Officer’s instruction to “stand by” is a detention, consent to search given after that is tainted and involuntary

Neely v. State, 38 Fla. L. Weekly D1060a (Fla. 2d DCA May 15, 2013):  The undisputed facts appear as follows:

Officer Hilton was alerted to a man slumped over in a van in the driveway of a residence.

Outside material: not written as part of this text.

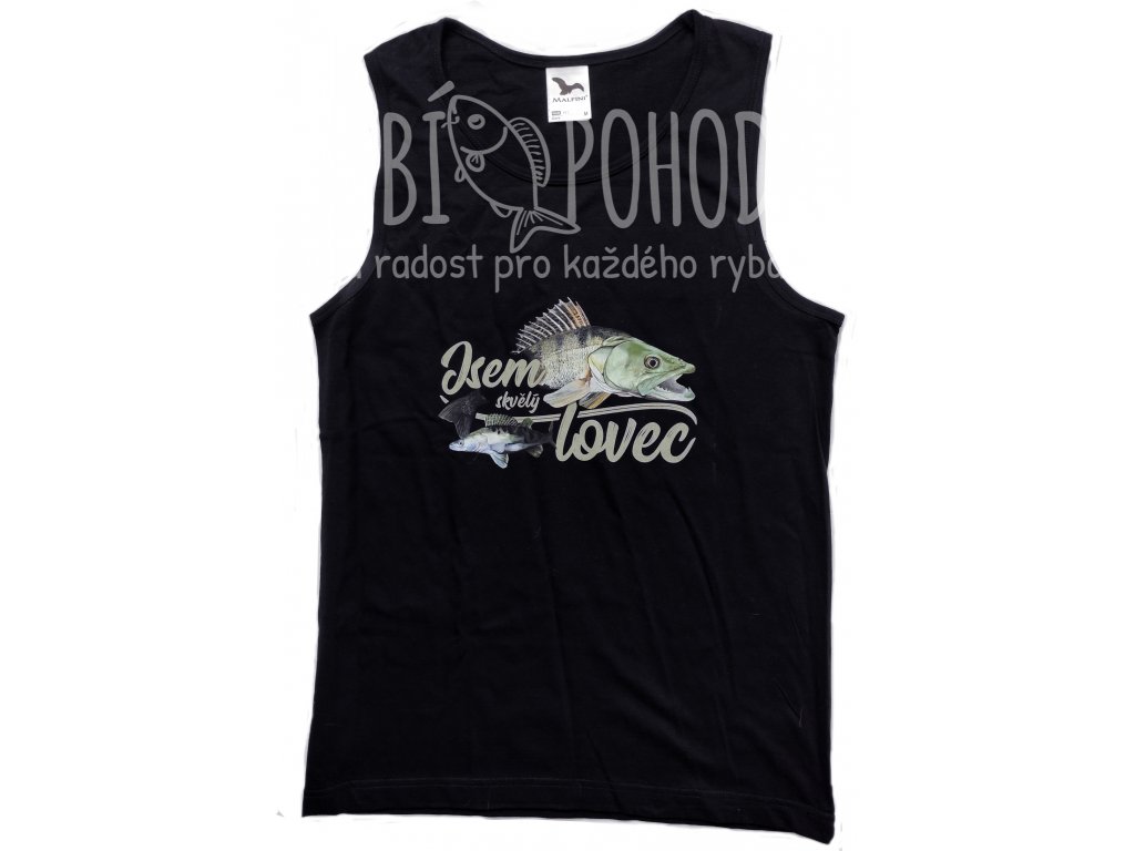 Pánský nátělník je vyroben ze 100% bavlny v černé barvě. Nátělník bez rukávů je v oblasti prsou opatřen grafickým potiskem dvou candátů a heslem "Jsem skvělý lovec". Zadní strana je bez potisku. Bavlněný nátělník má rovný střih a při nošení je příjemně lehký a prodyšný. Jeho využití je velice pestré. Pro horké letní dny nejen u vody je jistě skvělým řešením. Tmavá barva pánského nátělníku zaručuje, že při jeho používání nebude tak moc náchylný k zašpinění. Technologie tisku zajišťuje stálé zachování motivu. Při praní nedochází k "odlupování" grafiky či její deformaci.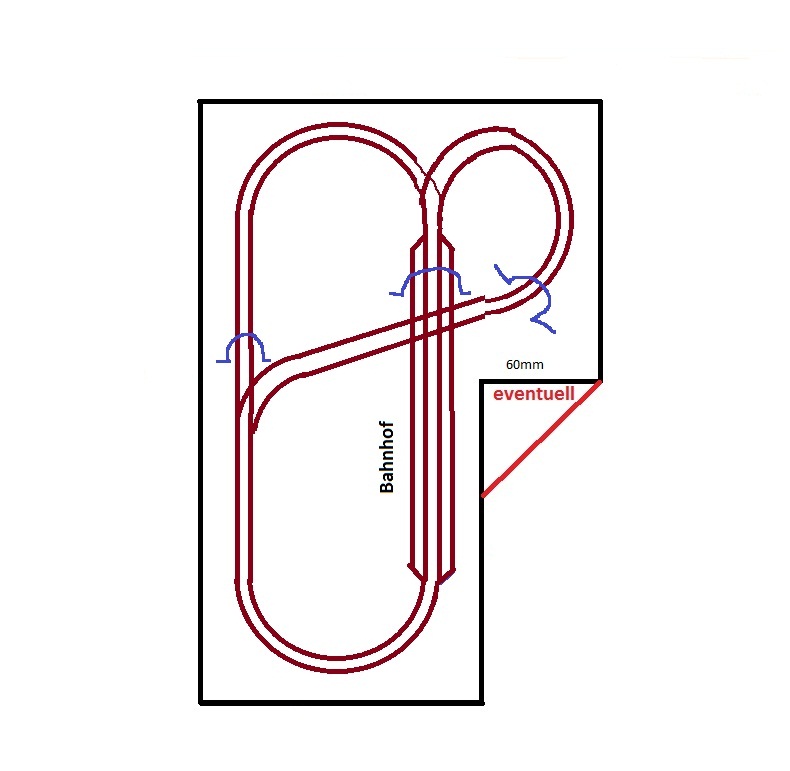 ) für eine Skizze verwendet und auf die schnelle zwei Bilder erstellt. Auf dem ersten siehst du meine geplante Anlage in den Ausmaßen, über ein paar cm hier und da könnte man noch verhandeln, viel größer darf sie aber eigentlich nicht werden. Eventuell könnte ich aber die rote Ecke noch nutzen.

He responded to the site and saw Mr. Neeley slumped behind the wheel with two doors wide open. He determined that Mr. Neeley was all right and not intoxicated. Officer Hilton directed Mr. Neeley to “stand by” and knocked on the front door of the residence, which belonged to Ms. Clancy, Mr. Neeley’s ex-wife. The van was hers. After speaking with Ms. Clancy, Officer Hilton returned to the driveway. He searched Mr. Neeley and discovered eight oxycodone pills. Ms. Clancy found the van keys in her purse before Officer Hilton removed Mr. Neeley from the scene.

The testimony of Officer Hilton and that of Ms. Clancy conflict as we delve further. Officer Hilton claimed that Ms. Clancy told him that Mr. Neeley did not have her permission to be in her van and that she was concerned about where her keys were. He said that when he searched Mr. Neeley, he believed he had probable cause to arrest him for trespass to a conveyance and that he was searching for the car keys. He claimed that he asked if he could search Mr. Neeley. Mr. Neeley only lifted his arms several inches, which Officer Hilton interpreted as consent.

Ms. Clancy testified that when she answered Officer Hilton’s knock on her door, she told him that the last time she saw Mr. Neeley he was on the couch, that it was fine with her that Mr. Neeley was sleeping in her van, and that she left the van unlocked. She testified that when she opened the door to Officer Hilton, she saw Mr. Neeley standing outside, handcuffed. She said that Officer Hilton told her he had found medication in Mr. Neeley’s pocket and asked her if she took medication and what type.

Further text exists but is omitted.